The Trillion Gene Atlas, developed by Basecamp Research in collaboration with Anthropic, Ultima Genomics, PacBio, and NVIDIA AI infrastructure aims to expand known evolutionary genetic diversity 100-fold by collecting genomic data from more than 100 million species across thousands of sites worldwide. 

The initiative, unveiled during the Health Track at SXSW and the NVIDIA GTC conference in San Jose, could help drive AI drug development and therapeutic design. 

“Today’s biological AI models are trained on a narrow slice of life on Earth,” said Glen Gowers, Co-Founder and CEO of Basecamp Research, speaking at SXSW in Austin.  

“The Trillion Gene Atlas expands the known genetic universe by orders of magnitude beyond what is in public databases. Training models at this scale establishes a new paradigm for programmable therapeutic design.” 

Trillion Gene Atlas to expand genomics data 


With huge increases in model size and computing power, diverse data is a critical enabler for progress in AI drug development and real-world benchmarks.  

All current sequence-based foundation models rely on variants of the same public repositories, with 80% of these trained on a public database containing fewer than 250 million sequences.

Basecamp Research’s EDEN foundation models, released in January, bypass the industry’s evolutionary “data wall” by training entirely on BaseData, a proprietary genomic database that is currently more than 10 times larger than all public resources combined. By learning from an unprecedented 10 billion new-to-science genes across one1 million newly discovered species, EDEN unlocked critical new scaling laws for AI in biology. 

The Trillion Gene Atlas builds on this approach by greatly expanding the breadth and contextual depth of genomic data in the known “internet of biology” suitable for AI training. 

The tool is enabled by advances in ultra-high-throughput short- and long-read sequencing and accelerated computing. Basecamp has partnered with Ultima Genomics and PacBio to deliver industrial-scale sequencing including data-rich, high-accuracy long reads. 
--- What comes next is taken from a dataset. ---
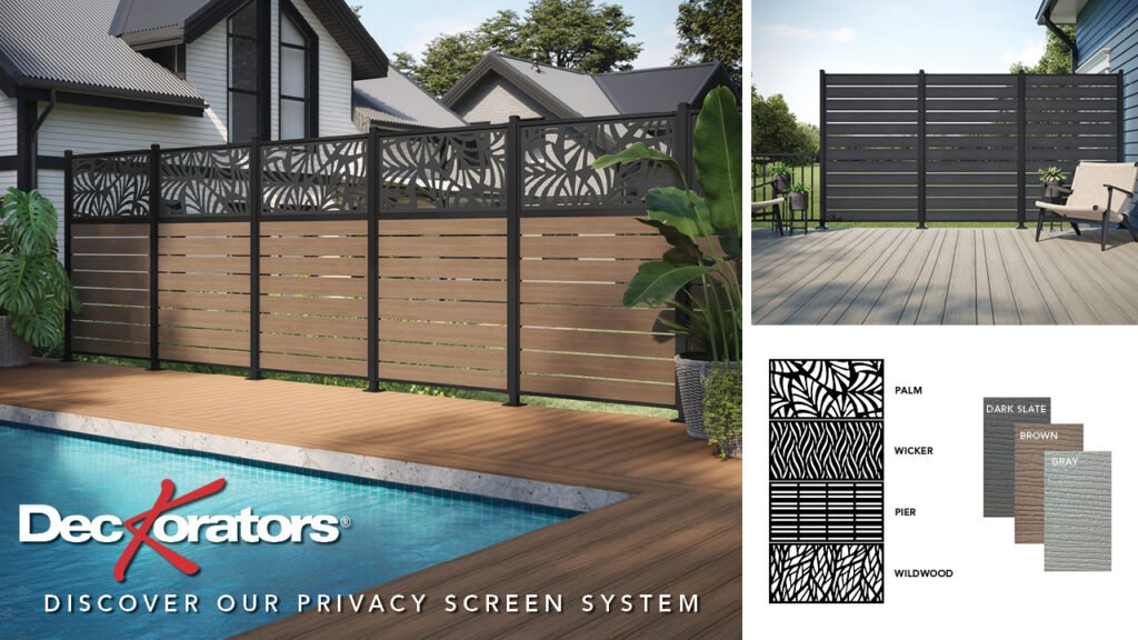 Deckorators® Privacy Screens—mix and match any color decking with four available stylish panel options for privacy and design flexibility
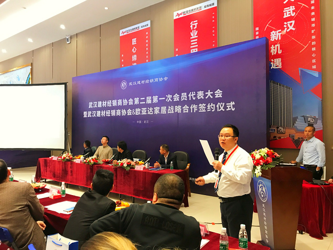 武汉市市场监督管理局、武汉市民政局、武汉市工商行政管理局的相关领导;湖北市场经营协会会长袁俊、舵落口市场管委会总经理刘凯;以及武汉市建筑经销商协会各成员单位、完美体育官方网址家纺签约代表等近200人出席本次大会。

“PacBio HiFi sequencing delivers highly accurate long reads that preserve full genomic context and enables subspecies and even strain-level resolution in complex samples,” said Christian Henry, President and CEO of PacBio.  

“HiFi data provides the reliable, information-rich foundation biological AI models need to learn from nature at scale and power initiatives like the Trillion Gene Atlas.” 

“Biology has been fundamentally data-starved when compared to other fields like language or computer vision as researchers have lacked the tools required to generate data at scale,” added Gilad Almogy, Founder and CEO of Ultima Genomics. 

“We strongly believe that AI will have an immense impact on our understanding of biology and human health, and the UG200 Series was designed from the ground up to enable the massive datasets required for BioAI to deliver on this promise. We are excited our technology can enable Basecamp in their vision and advance innovative initiatives like the Trillion Gene Atlas.” 

 

 

 

 

 

 

The post Genomics initiative could boost AI-designed therapeutics  appeared first on Drug Discovery World (DDW).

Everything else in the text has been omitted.